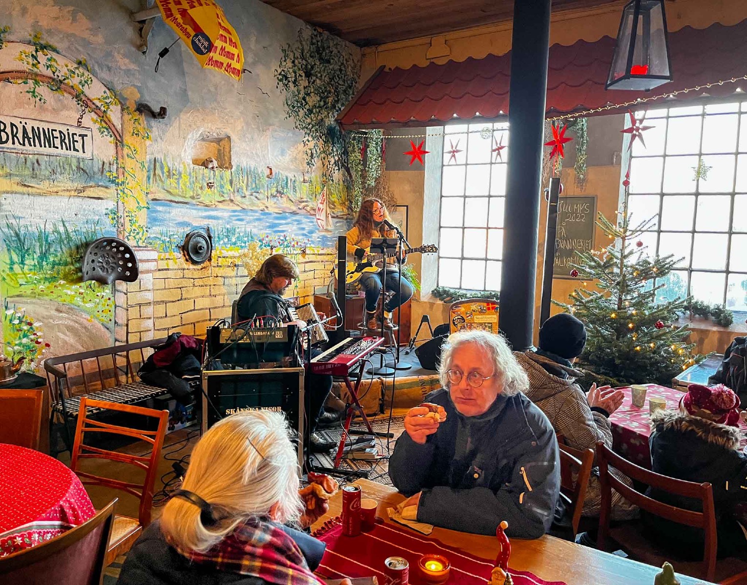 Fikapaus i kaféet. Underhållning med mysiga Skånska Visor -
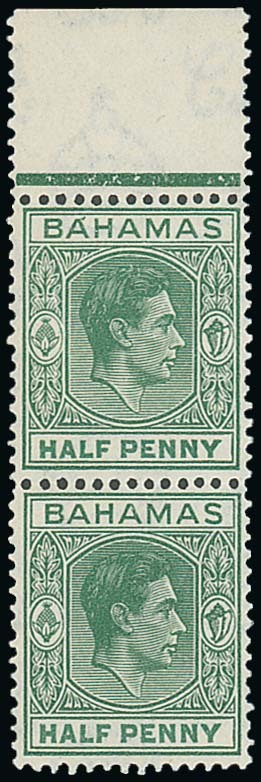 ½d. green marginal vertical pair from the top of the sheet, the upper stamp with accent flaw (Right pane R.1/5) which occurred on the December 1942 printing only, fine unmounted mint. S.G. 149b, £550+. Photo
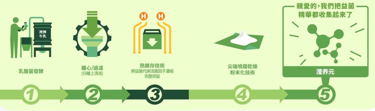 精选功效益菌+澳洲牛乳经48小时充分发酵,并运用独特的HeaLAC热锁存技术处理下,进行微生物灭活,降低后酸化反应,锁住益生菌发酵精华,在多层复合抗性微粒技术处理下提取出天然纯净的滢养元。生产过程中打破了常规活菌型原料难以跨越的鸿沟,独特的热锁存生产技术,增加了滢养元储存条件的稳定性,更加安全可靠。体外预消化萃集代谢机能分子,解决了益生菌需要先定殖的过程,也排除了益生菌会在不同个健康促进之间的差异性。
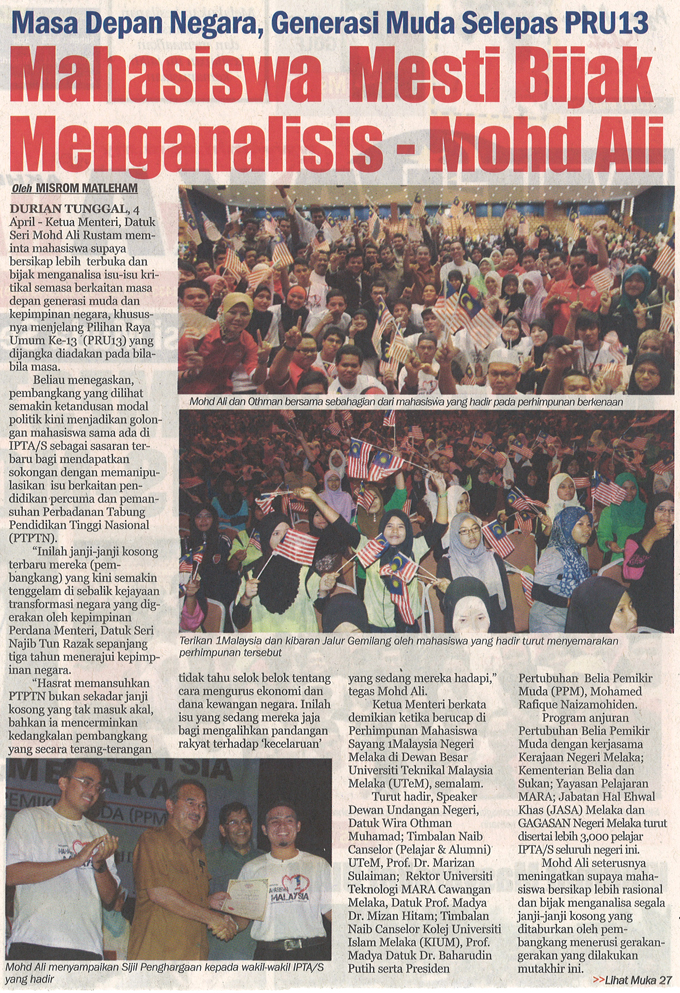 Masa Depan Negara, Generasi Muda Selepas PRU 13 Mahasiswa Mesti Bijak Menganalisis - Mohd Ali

# # #

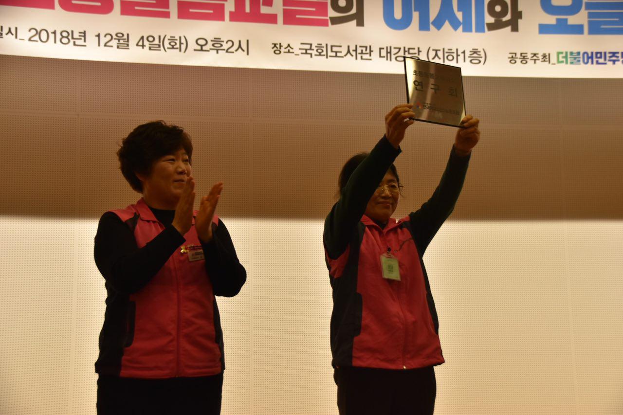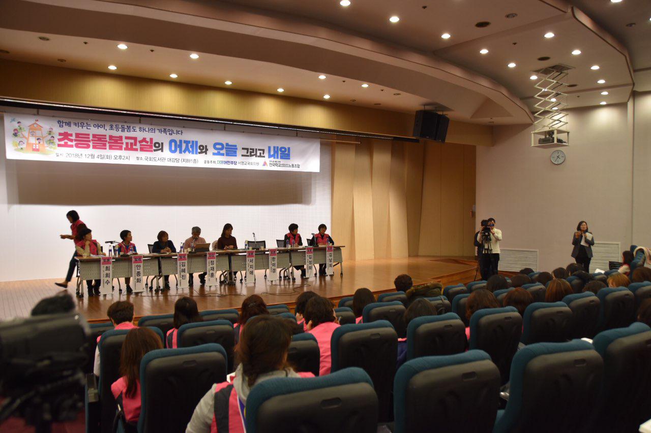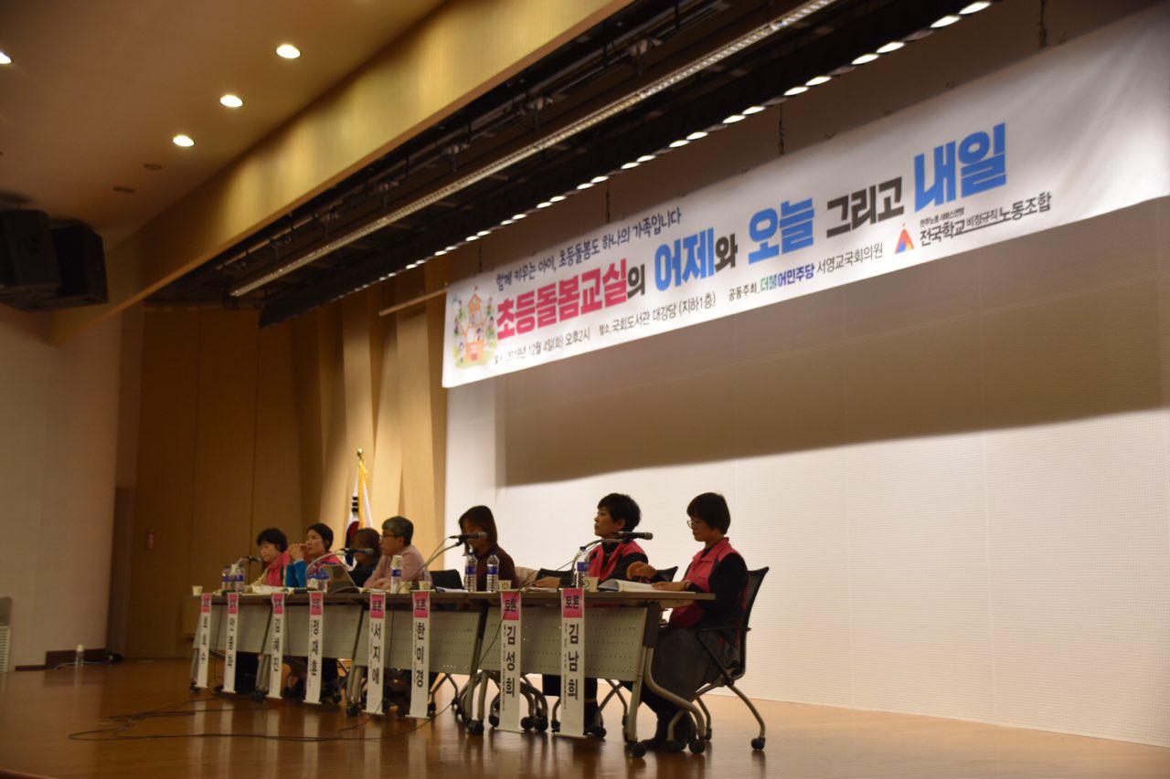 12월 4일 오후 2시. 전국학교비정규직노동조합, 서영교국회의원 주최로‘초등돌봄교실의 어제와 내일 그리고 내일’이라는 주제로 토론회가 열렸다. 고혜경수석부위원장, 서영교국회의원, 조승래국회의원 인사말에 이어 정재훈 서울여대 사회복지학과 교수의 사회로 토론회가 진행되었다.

# # #

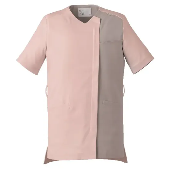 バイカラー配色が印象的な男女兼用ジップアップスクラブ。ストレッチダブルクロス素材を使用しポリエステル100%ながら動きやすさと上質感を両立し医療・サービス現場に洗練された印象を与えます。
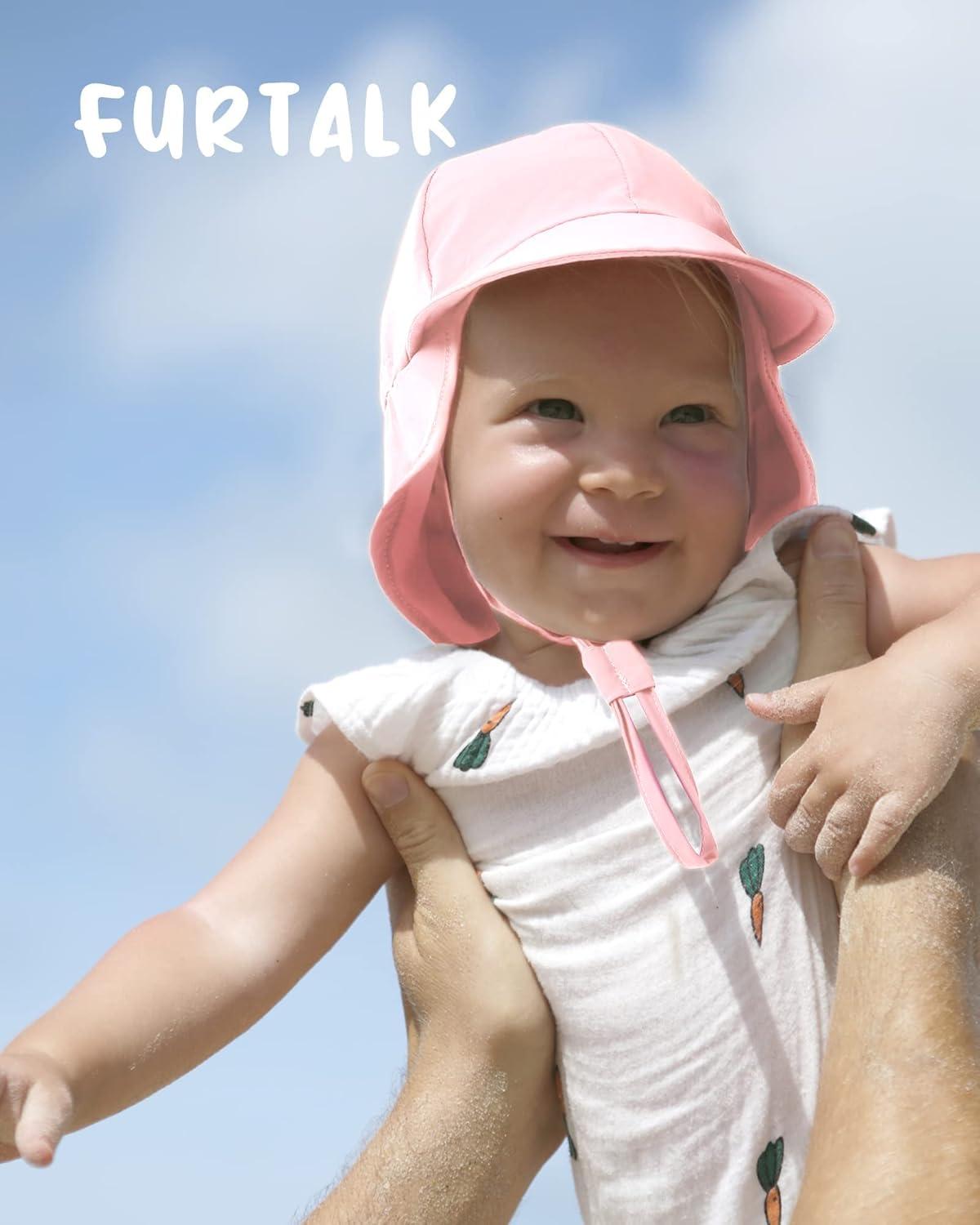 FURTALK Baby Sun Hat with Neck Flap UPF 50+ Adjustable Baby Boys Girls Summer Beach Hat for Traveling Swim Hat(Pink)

# # #

[Assigned task]
Look through the material above. Transcribe exactly the lines between the ones with "½d. green marginal" and "Masa Depan Negara, Generasi", inclusive, and keep pictures out.

[Problem solution]
 ½d. green marginal vertical pair from the top of the sheet, the upper stamp with accent flaw (Right pane R.1/5) which occurred on the December 1942 printing only, fine unmounted mint. S.G. 149b, £550+. Photo
 精选功效益菌+澳洲牛乳经48小时充分发酵,并运用独特的HeaLAC热锁存技术处理下,进行微生物灭活,降低后酸化反应,锁住益生菌发酵精华,在多层复合抗性微粒技术处理下提取出天然纯净的滢养元。生产过程中打破了常规活菌型原料难以跨越的鸿沟,独特的热锁存生产技术,增加了滢养元储存条件的稳定性,更加安全可靠。体外预消化萃集代谢机能分子,解决了益生菌需要先定殖的过程,也排除了益生菌会在不同个健康促进之间的差异性。
 Masa Depan Negara, Generasi Muda Selepas PRU 13 Mahasiswa Mesti Bijak Menganalisis - Mohd Ali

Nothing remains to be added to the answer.